Год прошел, пролетел быстро и в сердечной немоте. Будто в старом кино в минуту за окном отсверкали летние грозы, облетела бурая осенняя листва, потускнела в зимних сумерках рябиновая горькая услада, обильно нападал снег, лег белыми горами и будто бы навсегда. И вдруг начал, вздыхая, словно испуская дух, тихо оседать под мартовским солнцем.
Ранним-ранним мартовским утром, еще затемно, Ирина Владимировна, всю ночь промаявшись тоскливой бессонницей, вышла из дому – от теплой душной печки на воздух – и побрела по распутице, вязнувшей к ногам, будто заклятой никуда ее не пускать.
Днем спохватились – где же она? Нашумели по деревне. А через несколько часов ее вытянули баграми из примеченной кем-то свежей полыньи под мостиком, из-под ломкого, готового тронуться льда речки Генераловки.
Что за рай земной! Лес, черневший в дальней дали, если смотреть на него из-за колючки, вдруг оказался совсем рядом, весь в зеленой дымке. А на опушке и над овражками пушилась желтым, уже отцветая, верба. И трава на воле не трава, а зеленое шелковое счастье, раньше Юра этого не знал. Это совсем не та трава, что пробивается у стен бараков, это не грязно-зеленый истоптанный пятачок у клуба, пятачок, где перекуривают любители выпендриться на сцене с агитками, в которые сами не верят. Чистая зелень, и ни лжи в ней, ни злобы, ни зависти. И если смелости хватит, можно выкроить момент, добежать до леса там, где он языком подбирается прямо к поселку, и упасть в молодую травку лицом, пусть даже земля еще слишком холодная. А небо… Вольное небо, пожалуй, тоже другого цвета – без того оттенка хмари, что поднимается от озлобленных враждующих людей и повисает тяжкой тучей, а чистая лазурь. Такая чистая, что звенит тонким хрусталем.
… В поселковой школе Юра начал работать в конце учебного года, в апреле. Такой подарок сделал ему Тимур Семенович, узнав из бесед со своей местной дамой сердца и матерью-одиночкой, что в школе остались всего две учительницы.
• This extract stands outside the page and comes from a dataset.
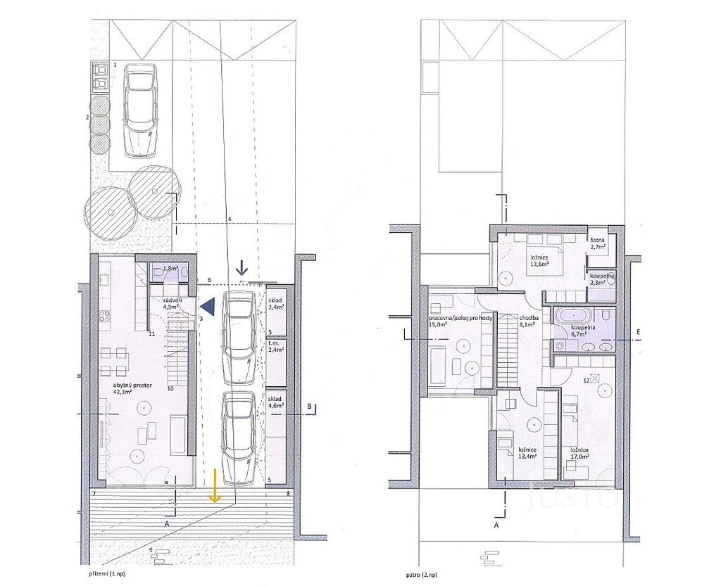 Dispozice domu 5+kk + zahrada + dvougaráž + dvě parkovací stání:

И дети то ли учатся, то ли мучатся. Старшие же, те, кто не желает связывать свою жизнь с колхозом, армией или тюрьмой, а мечтает о московских вузах или хотя бы поначалу-то техникумах, в преддверии экзаменов – не школьных, нет, а вступительных, находятся в полной растерянности.
Юра колебался, смущался, не верил в свое учительство, но Семеныч велел ему переговорить с директрисой. Юра согласился. С той только целью, чтобы час-другой провести на воле. А потом позволил себя уговорить высохшей умотанной тетке Валентине Игнатьевне Буровой, которая директорствовала, вела младшие классы и не боялась нисколько Юриного тюремного духа, благоприобретенной на зоне излишне настороженной повадки, жесткого, цепкого взгляда.
– Но у меня нет педагогического опыта, – честно предупреждал Юра. – И детей я боюсь. Вернее сказать, не боюсь, а не знаю, что с ними делать и как. Правда… правда, мама у меня была учительницей языков, тоже в поселке. Но я, как она, не смогу, Валентина Игнатьевна, честное слово.